Beyond the Nav-Graph: Vision-and-Language Navigation in Continuous
Environments
- URL: http://arxiv.org/abs/2004.02857v2
- Date: Fri, 1 May 2020 18:06:55 GMT
- Title: Beyond the Nav-Graph: Vision-and-Language Navigation in Continuous
Environments
- Authors: Jacob Krantz, Erik Wijmans, Arjun Majumdar, Dhruv Batra, Stefan Lee
- Abstract summary: We develop a language-guided navigation task set in a continuous 3D environment.
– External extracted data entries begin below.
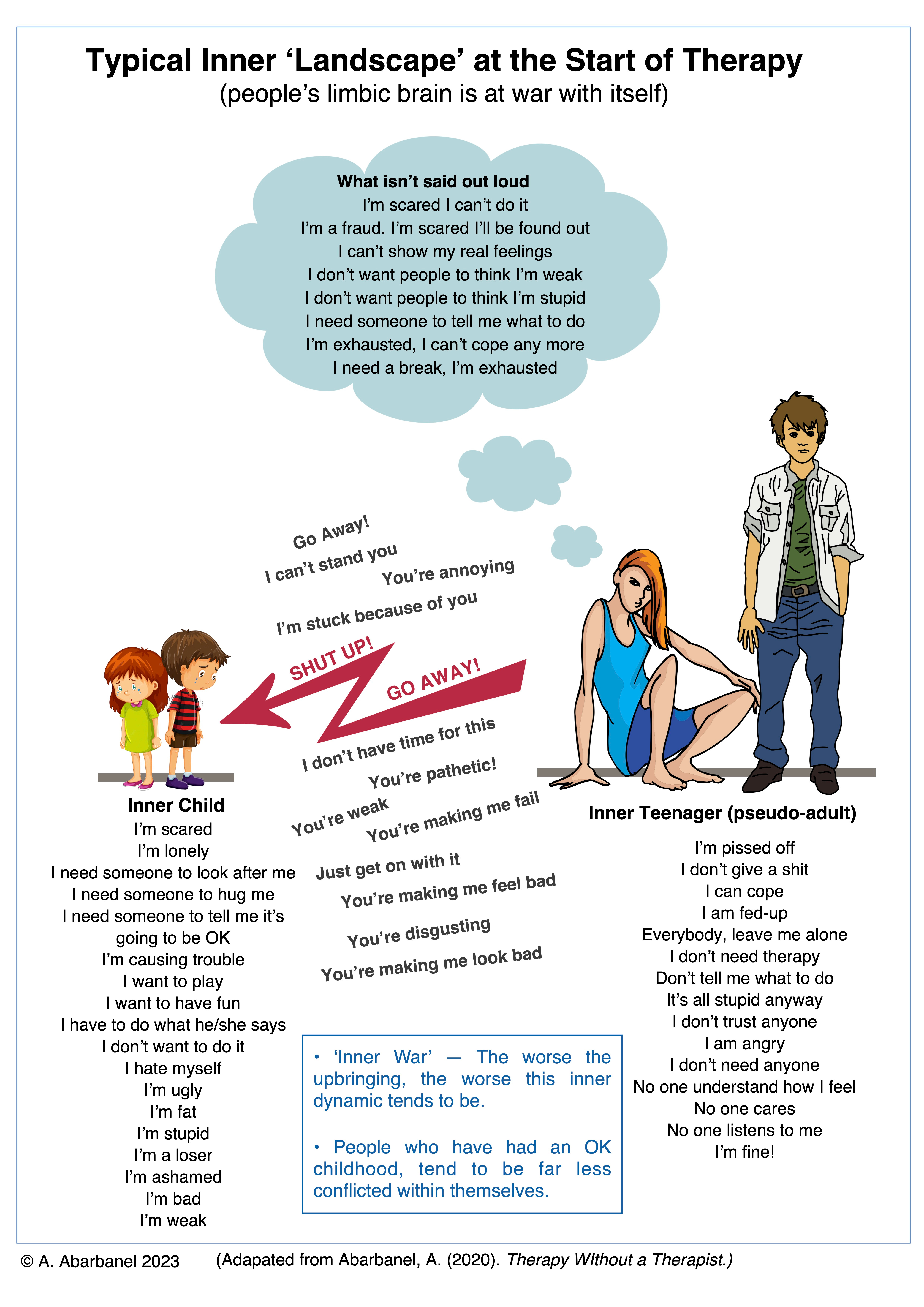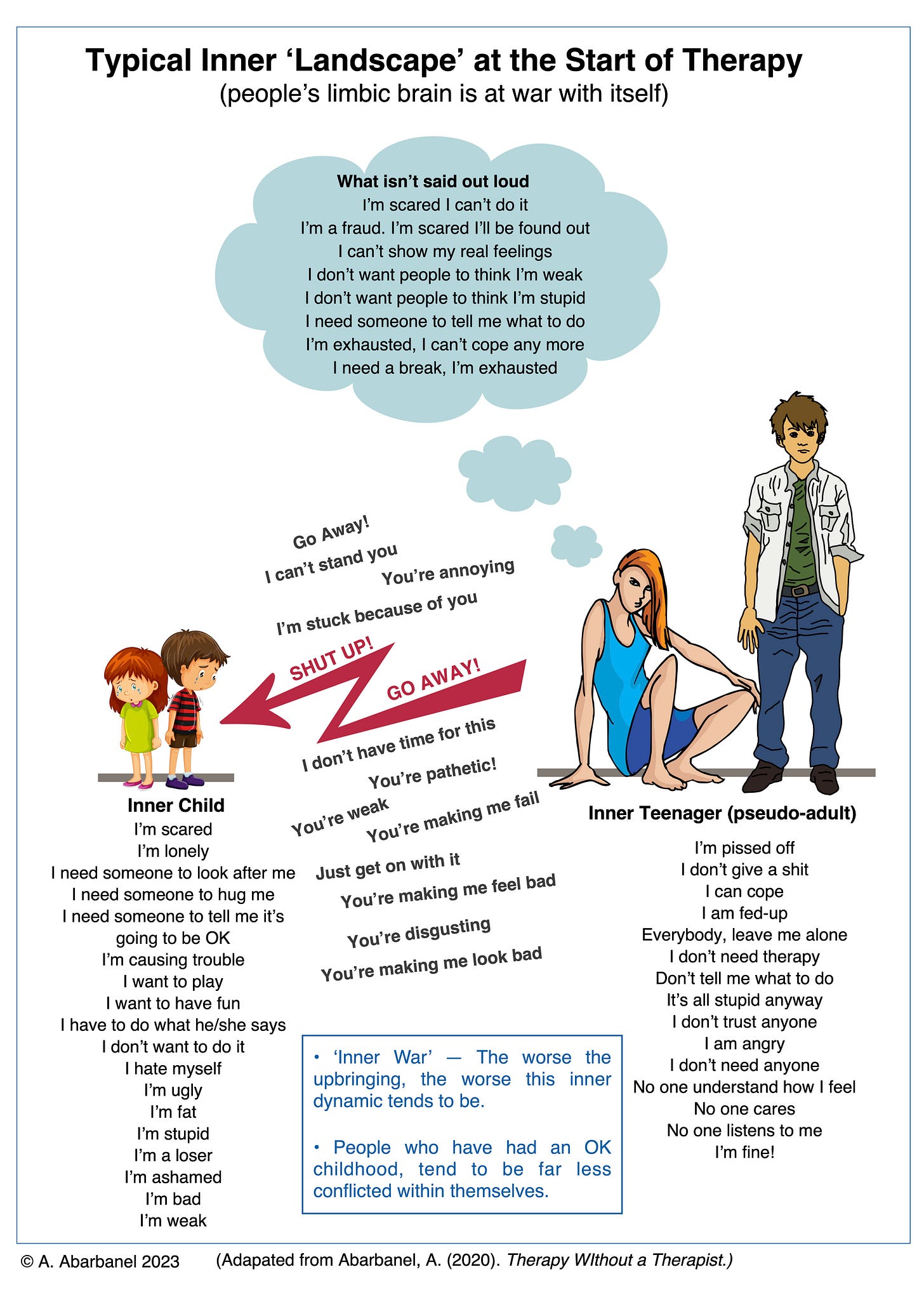 When most people come to therapy, they are in a state of war with themselves. Their limbic brain is fighting itself. This is always the result of not feeling validated in childhood and adolescence, and/or having been mistreated by the adult world around us.
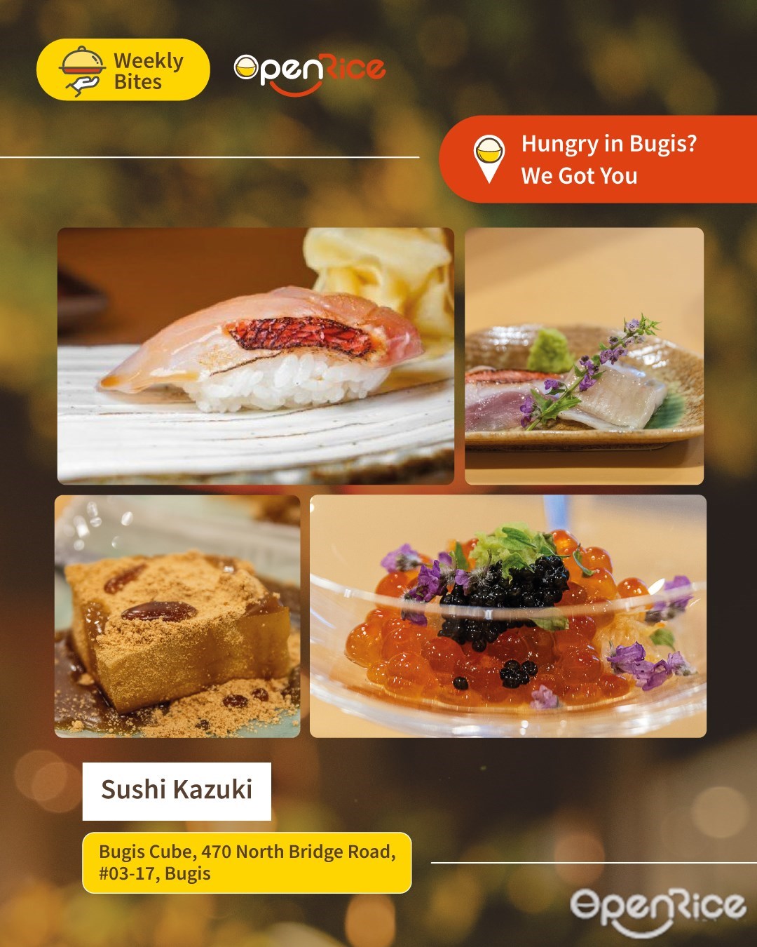 Sushi Kazuki at Bugis Cube is where tradition meets finesse. This intimate Japanese restaurant specializes in authentic omakase crafted with ingredients flown in fresh from Japan. The minimalist setting allows the food to shine — from buttery toro to delicately seasoned sea bream. Every bite showcases precision and respect for seasonality. It’s the perfect escape for sushi lovers seeking a genuine Japanese dining experience right in the heart of Bugis.
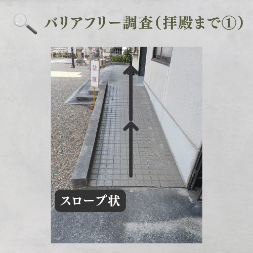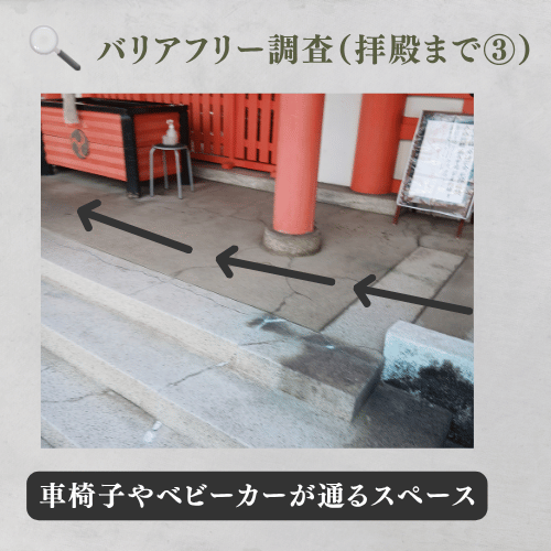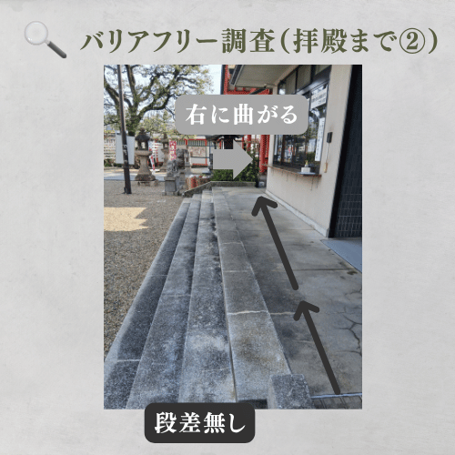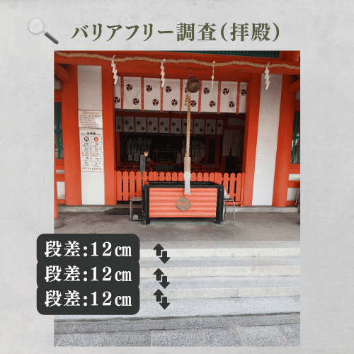 拝殿前には12cmの段差が3段あります。一段の高さは比較的低いものの連続しており、足腰が弱い方やバランス保持が困難な方は転倒リスクがあります。車椅子利用者は横手にスロープが設置されているため、そちらを利用することで、拝殿前までスムーズに移動でき、安全に参拝可能です。
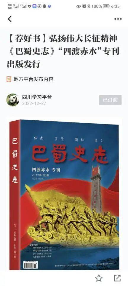 二是不少专家学者、机关干部转发盛赞。如2022年11月8日记者节,知名纪实作家、非学院派天府文化学者、北宋人物史研究学者易旭东在微信朋友圈转发2021年12月29日“学习强国”发布的文章《探寻巴蜀文明 弘扬中华文化——〈巴蜀史志〉“聚焦三星堆”专刊出版发行》并留言:“记者节,想起去年的同一时段,与专刊编辑团队共同作战,恍若在报刊从业时加班加点做专刊特刊时,夜以继日的编前会、定版会……实至名归。尽心,精心,用心!名副其实。”2022年12月27日,四川省委省直机关党校科研处处长宋键在微信朋友圈转发“学习强国”发布的《弘扬伟大长征精神 〈巴蜀史志〉“四渡赤水”专刊出版发行》一文并留言:“四川省地方志办近年来的专刊主题鲜明,主线突出,格局大气,设计新颖,图文并茂,具有很强的史料价值和学术价值。”
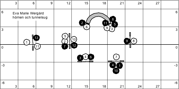 Nedan ser ni en banskiss av en del av kvällens agilityövning i skuggan. Hörnen och tunnelsug stod på listan. Håll till godo.
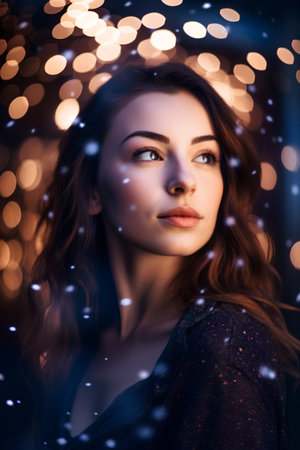 Young adult Caucasian woman looking at camera in snowy night generated by artificial intelligence

By being situated in continuous environments, this setting lifts a number of assumptions implicit in prior work.
- Score: 48.898567402373324
- License: http://arxiv.org/licenses/nonexclusive-distrib/1.0/
- Abstract: We develop a language-guided navigation task set in a continuous 3D
environment where agents must execute low-level actions to follow natural
language navigation directions. By being situated in continuous environments,
this setting lifts a number of assumptions implicit in prior work that
represents environments as a sparse graph of panoramas with edges corresponding
to navigability. Specifically, our setting drops the presumptions of known
environment topologies, short-range oracle navigation, and perfect agent
localization. To contextualize this new task, we develop models that mirror
many of the advances made in prior settings as well as single-modality
baselines. While some of these techniques transfer, we find significantly lower
absolute performance in the continuous setting -- suggesting that performance
in prior `navigation-graph' settings may be inflated by the strong implicit
assumptions.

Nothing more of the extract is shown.